Nothing outside the range below should be printed. Output exactly the lines from the line with "Met spulletjes die" to the line with "의미를 갖고 있습니다. |", both included.

_EXTRACTED ENTRIES_:
--------------------

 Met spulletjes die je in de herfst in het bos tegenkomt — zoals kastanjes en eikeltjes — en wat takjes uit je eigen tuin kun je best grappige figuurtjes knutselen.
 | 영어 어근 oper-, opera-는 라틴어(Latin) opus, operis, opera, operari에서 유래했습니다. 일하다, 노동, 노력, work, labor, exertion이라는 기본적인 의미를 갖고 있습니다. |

--------------------

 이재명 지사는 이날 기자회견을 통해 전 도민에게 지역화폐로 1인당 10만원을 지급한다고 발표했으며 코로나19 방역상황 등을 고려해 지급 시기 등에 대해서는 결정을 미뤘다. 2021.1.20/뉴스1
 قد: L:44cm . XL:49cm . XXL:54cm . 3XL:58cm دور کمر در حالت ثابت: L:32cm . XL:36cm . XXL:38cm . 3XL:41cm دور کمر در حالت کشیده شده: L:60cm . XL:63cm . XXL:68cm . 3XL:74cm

--------------------

_ANSWER AREA_:
 Met spulletjes die je in de herfst in het bos tegenkomt — zoals kastanjes en eikeltjes — en wat takjes uit je eigen tuin kun je best grappige figuurtjes knutselen.
 | 영어 어근 oper-, opera-는 라틴어(Latin) opus, operis, opera, operari에서 유래했습니다. 일하다, 노동, 노력, work, labor, exertion이라는 기본적인 의미를 갖고 있습니다. |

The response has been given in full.